Choose a title company experienced with wholesale and assignment transactions. Not all title companies handle assignments — ask upfront.
The Assignment of Contract
Once you have a buyer, you'll execute a separate Assignment of Contract document that:
- References the original purchase agreement (by date and property address)
- Names the assignor (you) and the assignee (your buyer)
- States the assignment fee
- Specifies payment terms (typically at closing from the buyer's funds)
- Transfers all rights and obligations under the original contract to the buyer
The buyer typically pays a non-refundable deposit at the time of assignment, with the balance due at closing.
When to Use a Double Close Instead
Sometimes an assignment isn't practical. Common reasons to double close:
- Large assignment fee: If your fee is $20,000+ and you want to keep it private, a double close hides your spread.
- Seller refuses assignment: Some sellers or their agents won't agree. With a double close, you actually purchase the property and immediately resell.
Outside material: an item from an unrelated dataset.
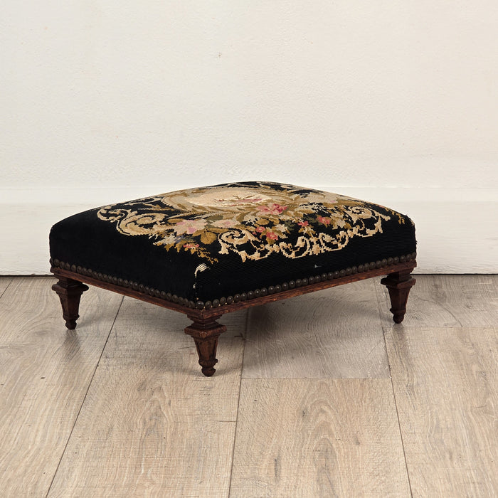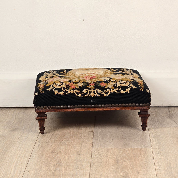 A well-carved French Louis XVI–style footstool with old needlepoint, circa 1850.
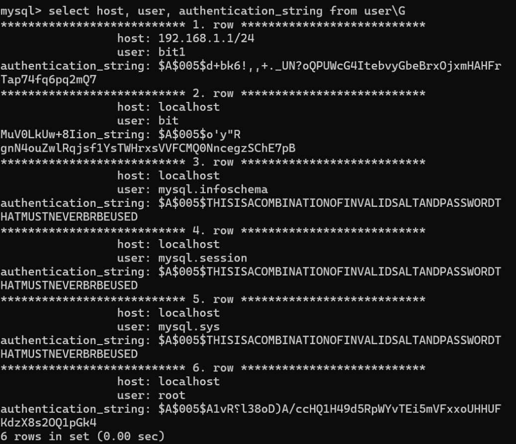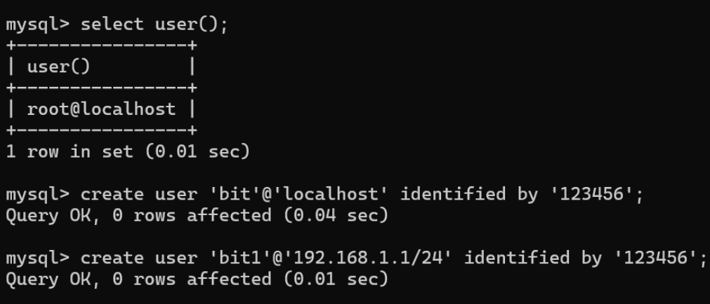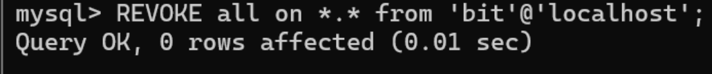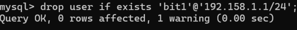 删除⽤⼾'bit1'@'192.168.1.1/24' mysql> drop user 'bit1'@'192.168.1.1/24';

- REO/bank-owned properties: Banks typically don't allow assignment.
- Buyer using conventional financing: Some lenders have seasoning requirements.
In a double close, you close with the seller (A-B transaction) and close with the buyer (B-C transaction) on the same day. You briefly take title. Some title companies will fund the A-B closing with the B-C proceeds so you don't need your own capital.
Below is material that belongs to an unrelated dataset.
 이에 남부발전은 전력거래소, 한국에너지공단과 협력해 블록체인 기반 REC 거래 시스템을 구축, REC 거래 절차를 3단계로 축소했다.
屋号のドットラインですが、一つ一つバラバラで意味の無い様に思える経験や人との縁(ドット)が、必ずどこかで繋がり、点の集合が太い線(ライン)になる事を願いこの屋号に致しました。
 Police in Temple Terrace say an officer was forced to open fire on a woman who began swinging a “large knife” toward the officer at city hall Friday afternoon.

Common Contract Mistakes to Avoid
- Forgetting the assignment clause. Without it, you may not be able to assign. Always include it.
- Setting the inspection period too short. Seven days is usually not enough to market and find a buyer. Use 14-21 days.
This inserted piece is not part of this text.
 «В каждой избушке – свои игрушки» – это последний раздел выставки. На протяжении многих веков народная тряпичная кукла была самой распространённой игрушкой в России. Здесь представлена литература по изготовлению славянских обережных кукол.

- Putting up too much earnest money. Keep your risk proportional. $500-$2,000 is standard.
- Using a boilerplate contract from the internet. Every state has different contract laws. Use a state-specific form reviewed by a local attorney.
- Skipping the title search. Liens, unpaid taxes, and title defects kill deals. Always close through a title company.
- Not disclosing your role. Many states require you to disclose wholesale intent. Be transparent.
- No extension clause. If your buyer needs an extra week, you need the contractual right to extend.
- Failing to include the property legal description. The street address alone may not be sufficient. Include the legal description from the county records.
State-Specific Considerations
| State | Standard Contract | Notable Features |
|---|---|---|
| Texas | TREC 1-4 Family Residential | Option Period (non-refundable fee) instead of inspection contingency. Must add assignment addendum. |
| Florida | FAR/BAR Contract | Inspection period is standard. Assignment allowed unless restricted. |
| California | CAR RPA | 17-day default contingency. Assignment requires written consent per default terms. |
| Ohio | OAR Purchase Contract | Inspection contingency standard. Recent legislation may require wholesale disclosure. |
| Illinois | MR Multi-Board | Attorney review period (5 business days). May require license for wholesale activities. |
| Georgia | GAR Purchase Agreement | Due diligence period standard. Assignment generally allowed. |
| North Carolina | NC Offer to Purchase | Due diligence period with non-refundable fee. Similar structure to TX option period. |
Always have a local real estate attorney review your contract before you start using it. The $300-$500 you spend on legal review is the best investment you'll make in your wholesaling business.
Free Contract Resources
While we strongly recommend working with an attorney to customize a contract for your state, here are resources to get started:
- Your state's real estate commission: Most publish standard residential purchase contracts for free.
- Local REIA: Many REIAs provide member access to contract templates used by local investors.
- BiggerPockets file place: Free downloadable contract templates from experienced investors.
- Your title company: Investor-friendly title companies often share assignment of contract templates.